Perhaps I am using the OpenMP "if" construct wrongly (though GCC didn't tell me I did) - but to be sure, I'll take the decision to spawn a task myself:
// Listing 3
#include <omp.h>
#include <stdio.h>
long fib(int val)
{
if (val < 2)
return val;
long total = 0;
{
if (val == 45) {
#pragma omp task shared(total)
total += fib(val-1);
#pragma omp task shared(total)
total += fib(val-2);
#pragma omp taskwait
} else
return fib(val-1) + fib(val-2);
}
return total;
}
int main()
{
#pragma omp parallel
#pragma omp single
{
long res = fib(45);
printf("fib(45)=%ld\n", res);
}
}
Never mind the potential for a race on total - that's not the point; I just want to see my 2nd core do something to improve the timing.
Did it?
$ gcc -O2 fib_nicer.c
$ time ./a.out
fib(45)=1134903170
real 0m7.974s
user 0m7.968s
sys 0m0.000s
$ gcc -O2 fib_nicer.c -fopenmp
$ time ./a.out
fib(45)=1134903170
real 0m8.773s
user 0m14.300s
sys 0m0.000s
Apparently, taking the decision to spawn a task myself dramatically improved the OpenMP execution time. No idea why.
But we are still slower than single-core execution... Even though the 1st core doing fib(43) and the 2nd core doing fib(44) should have helped.
Could it be that the OpenMP #pragmas cost us time at run-time - to such an extent that they invalidate the whole endeavour?

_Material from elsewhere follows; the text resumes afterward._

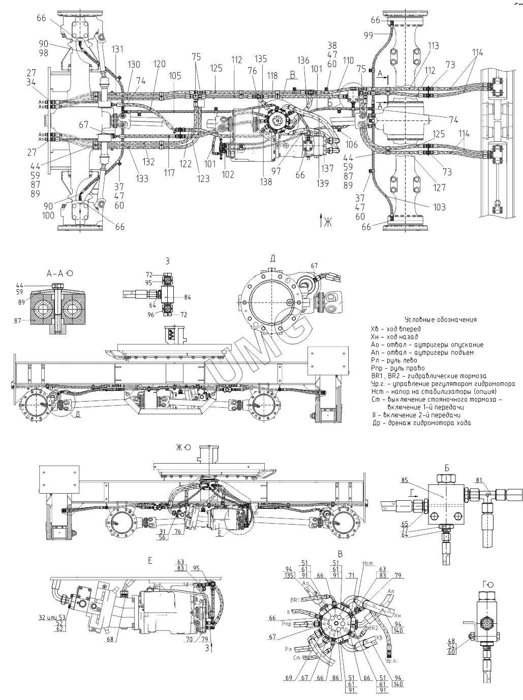 WХ-200 (2017). 201010300000 00 Гидрооборудование ходовой тележки (раздельное управление аутригеров), 201010300000 10 (основной вариант)
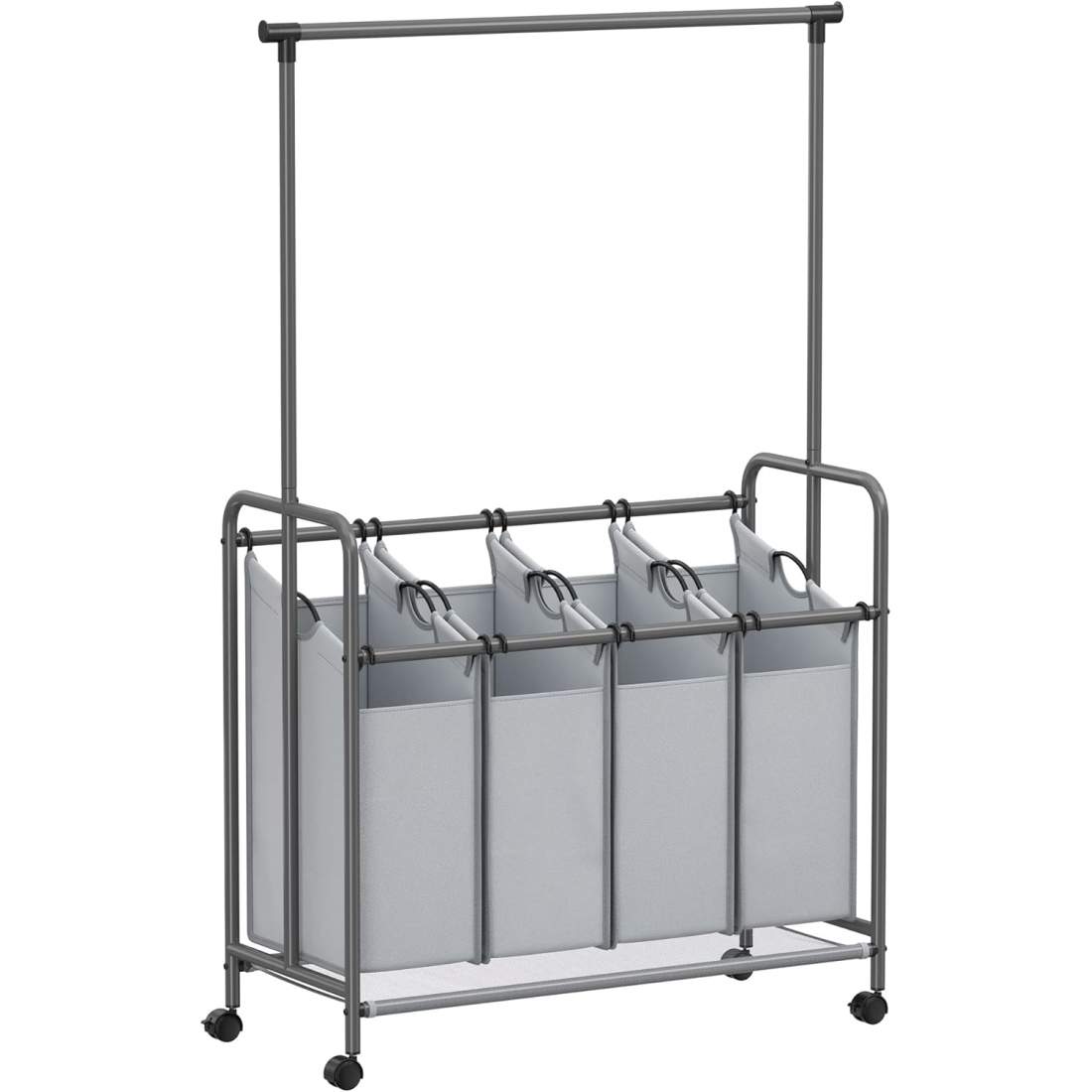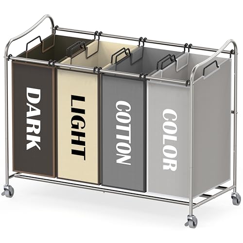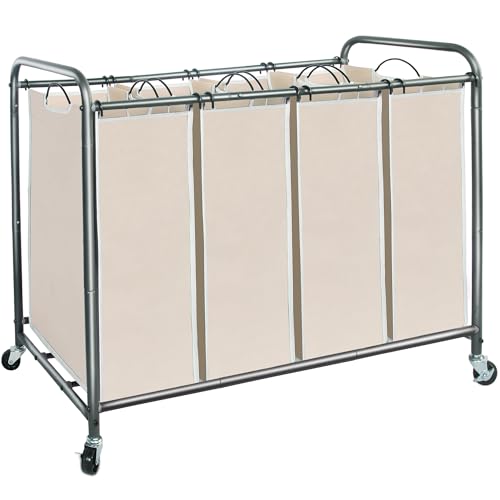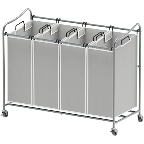 Simple Houseware 4-väska kraftig tvättsorterare rullvagn, silver

Let's do a final experiment - in the most idiotic way possible:
// Listing 4
#include <omp.h>
#include <stdio.h>
long fib_naive(int val)
{
if (val < 2)
return val;
else
return fib_naive(val-1) + fib_naive(val-2);
}
long fib(int val)
{
long total = 0;
{
#pragma omp task shared(total)
total += fib_naive(val-1);
#pragma omp task shared(total)
total += fib_naive(val-2);
#pragma omp taskwait
}
return total;
}
int main()
{
#pragma omp parallel
#pragma omp single
{
long res = fib(45);
printf("fib(45)=%ld\n", res);
}
}
This is basically manually spawning two threads. Surely, this must work...
$ gcc -O2 fib.c
$ time ./a.out
fib(45)=1134903170
real 0m8.738s
user 0m8.728s
sys 0m0.004s
$ gcc -O2 fib.c -fopenmp
$ time ./a.out
fib(45)=1134903170
real 0m5.446s
user 0m8.928s
sys 0m0.004s
And indeed, it does - we finish in 5.4 seconds, compared to the 8.7 of the single-threaded execution. I theorize that the if in Listing 3 (that spawns the top-level threads) costs a lot in the end, since it is executed for every single addition in our computation; every recursive call has to go through it.
Other than that, if you see something wrong in the steps I followed, please advise - because my takeaway so far is that OpenMP's ifs are... insanely slower than normal code ifs.
Thanks in advance for your insights/suggestions.
I opened a ticket on GCC's libgomp about this - and as you can read there, Jakub Jelinek explained that an "if(false)" in an OpenMP task is not equivalent to not having a task spawned - in fact, the data structures related to a task are created, the parent task gets suspended, and this new child task starts running immediately - with the parent resuming as soon as that is done. Needless to say, this is a lot more work than just running the code...
In addition, Jakub noted that in the non-OpenMP recursion, ttail recursion optimization takes place - something that can't happen with OpenMP, even if the "mergeable" clause was used.
Suffice to say, I learned a lot - thanks, Jakub.